> **Source material**
================================
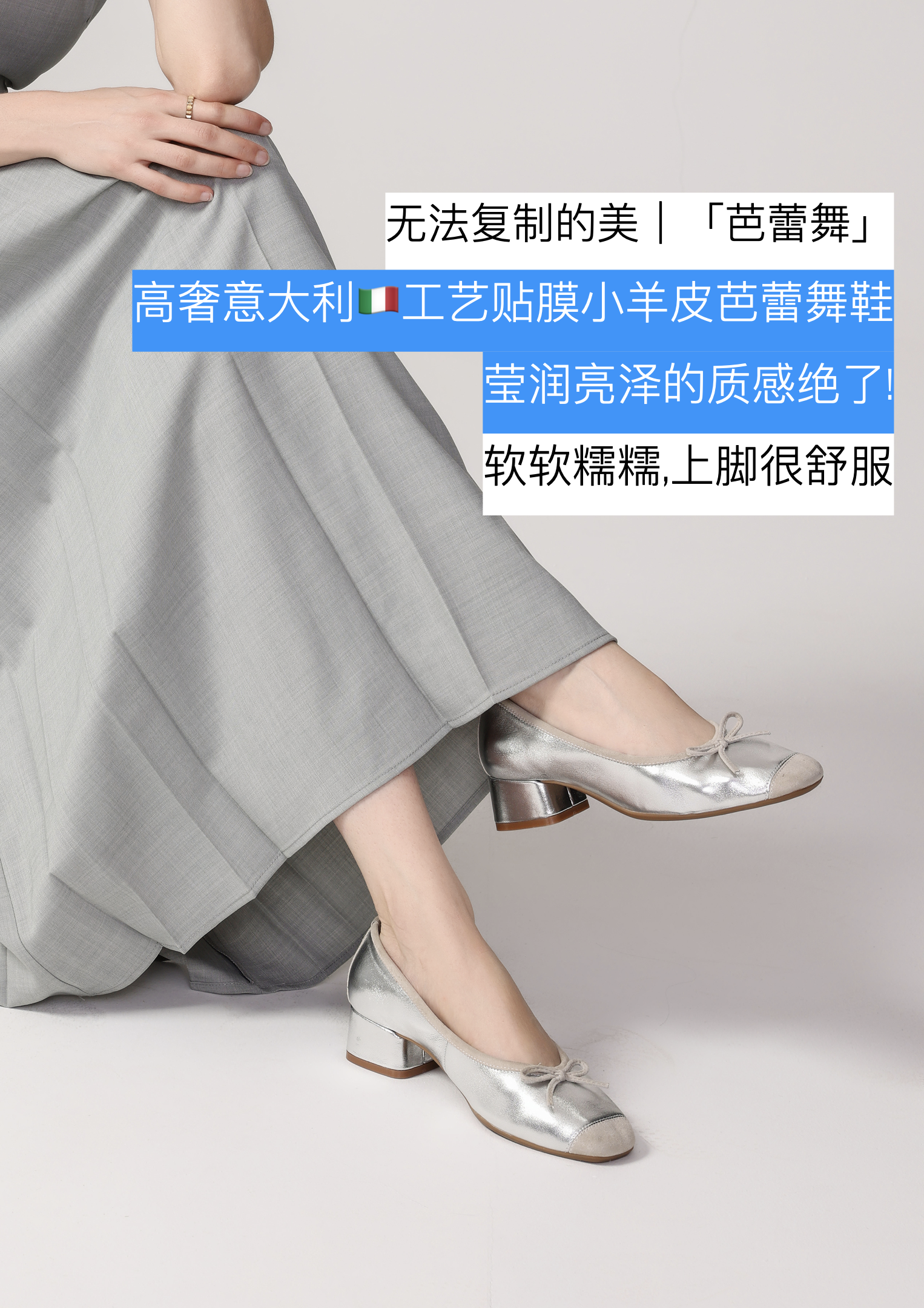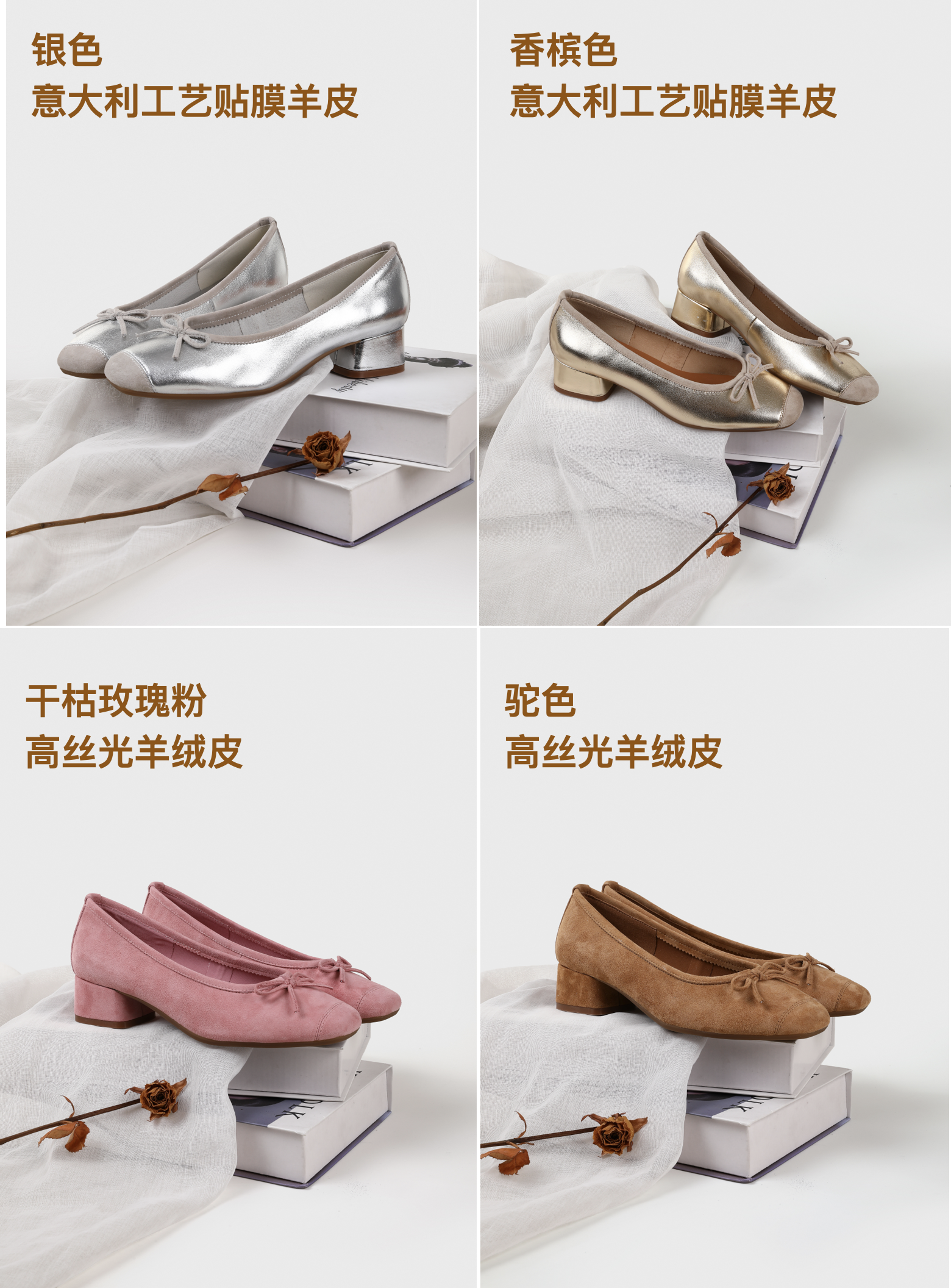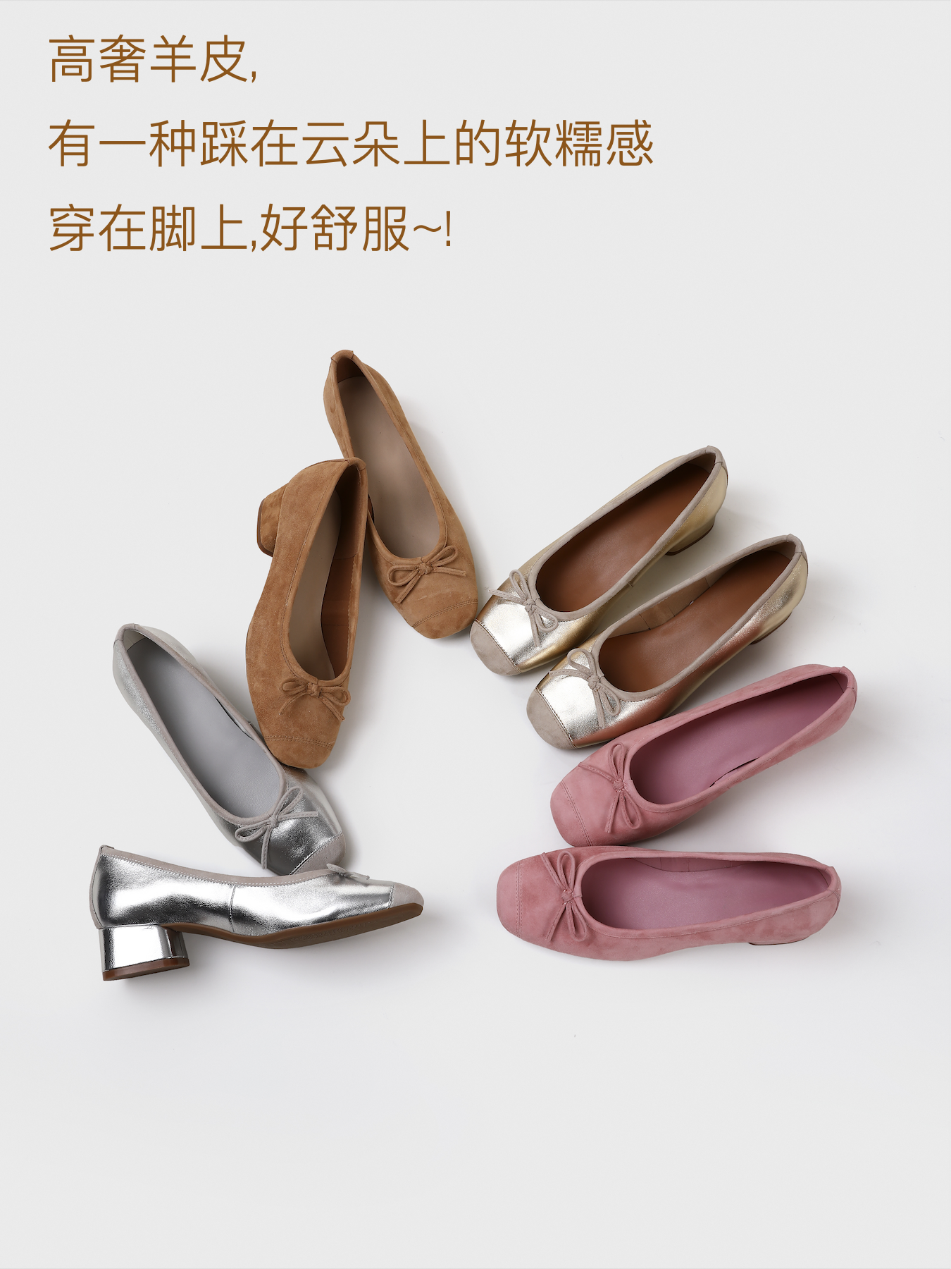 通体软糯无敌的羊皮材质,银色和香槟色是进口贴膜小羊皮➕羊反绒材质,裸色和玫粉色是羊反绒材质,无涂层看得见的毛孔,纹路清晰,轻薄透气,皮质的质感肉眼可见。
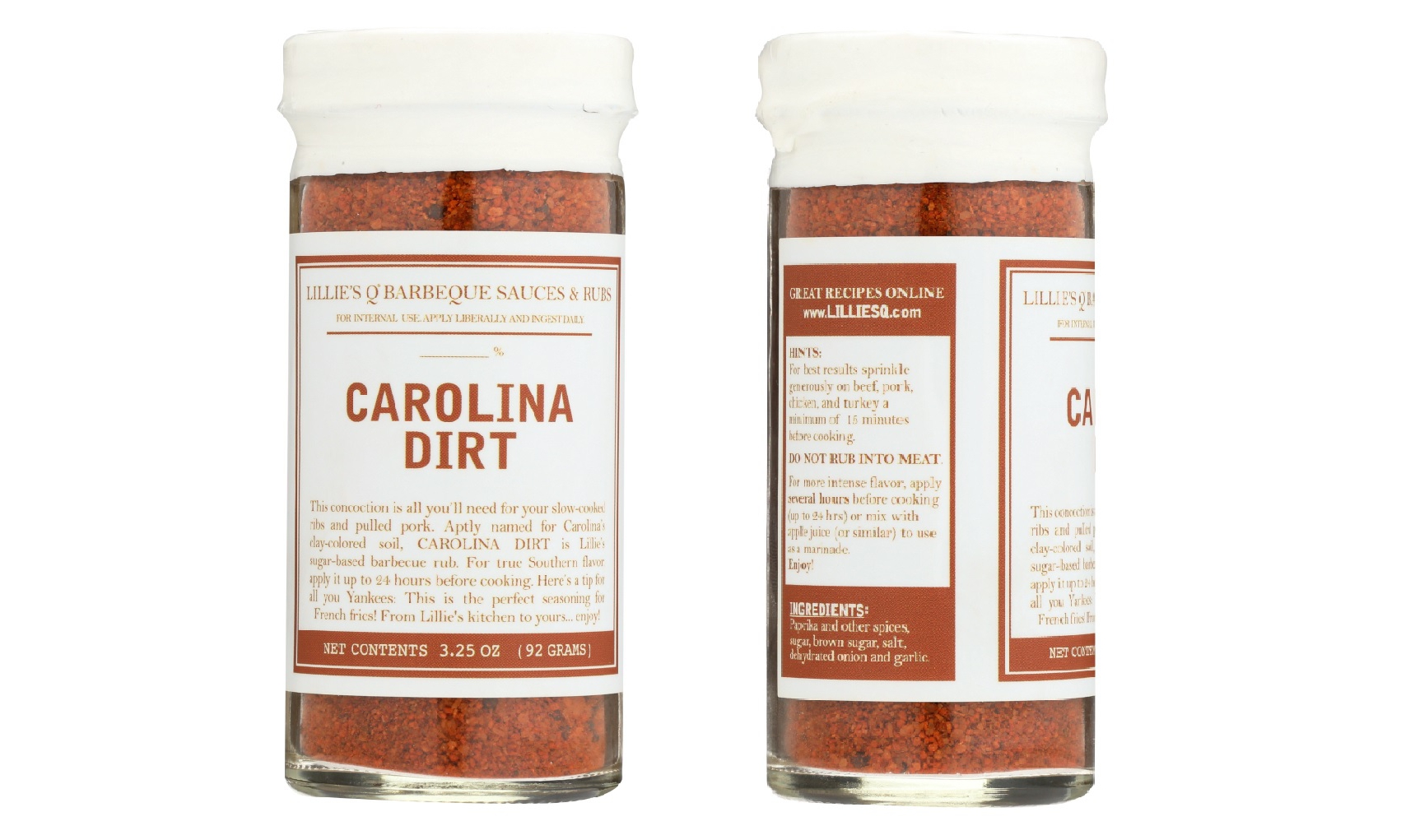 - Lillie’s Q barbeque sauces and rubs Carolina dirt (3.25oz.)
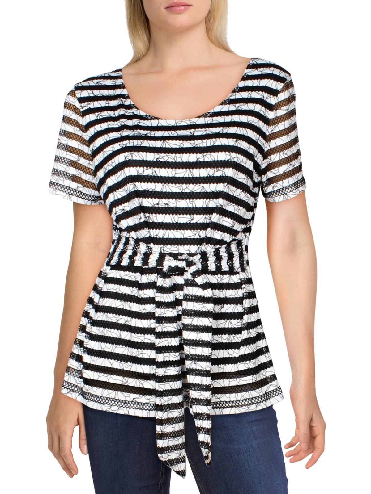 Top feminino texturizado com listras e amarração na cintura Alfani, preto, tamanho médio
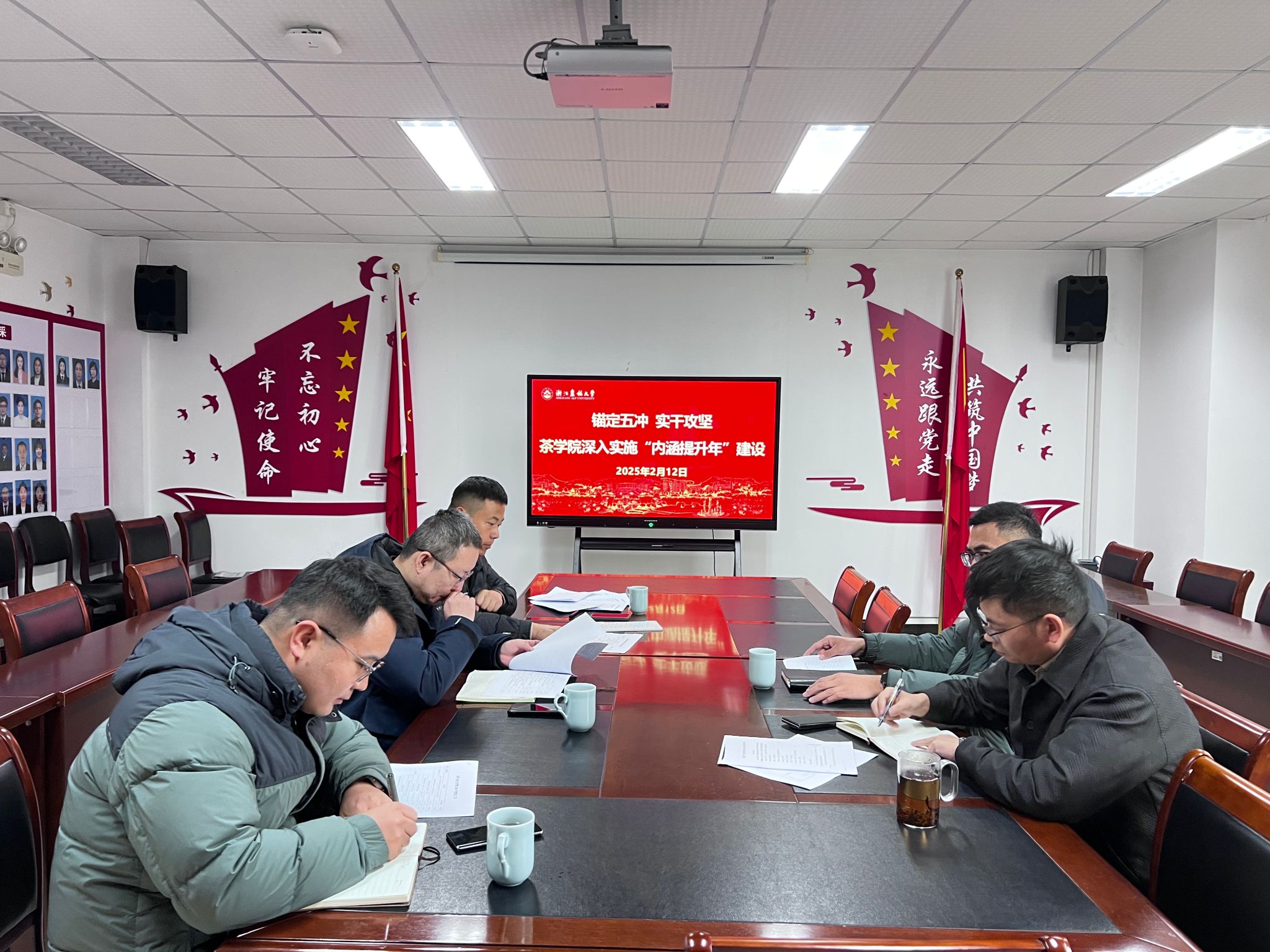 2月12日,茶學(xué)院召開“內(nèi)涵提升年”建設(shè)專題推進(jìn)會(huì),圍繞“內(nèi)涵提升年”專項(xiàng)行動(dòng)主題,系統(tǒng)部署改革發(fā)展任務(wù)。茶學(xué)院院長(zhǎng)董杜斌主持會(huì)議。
================================
> **Task statement**
Restate word for word only the lines from the one with "- Lillie’s Q" through the last line of the material, both included. Any picture should be left out.

> **Answer area**
 - Lillie’s Q barbeque sauces and rubs Carolina dirt (3.25oz.)
 Top feminino texturizado com listras e amarração na cintura Alfani, preto, tamanho médio
 2月12日,茶學(xué)院召開“內(nèi)涵提升年”建設(shè)專題推進(jìn)會(huì),圍繞“內(nèi)涵提升年”專項(xiàng)行動(dòng)主題,系統(tǒng)部署改革發(fā)展任務(wù)。茶學(xué)院院長(zhǎng)董杜斌主持會(huì)議。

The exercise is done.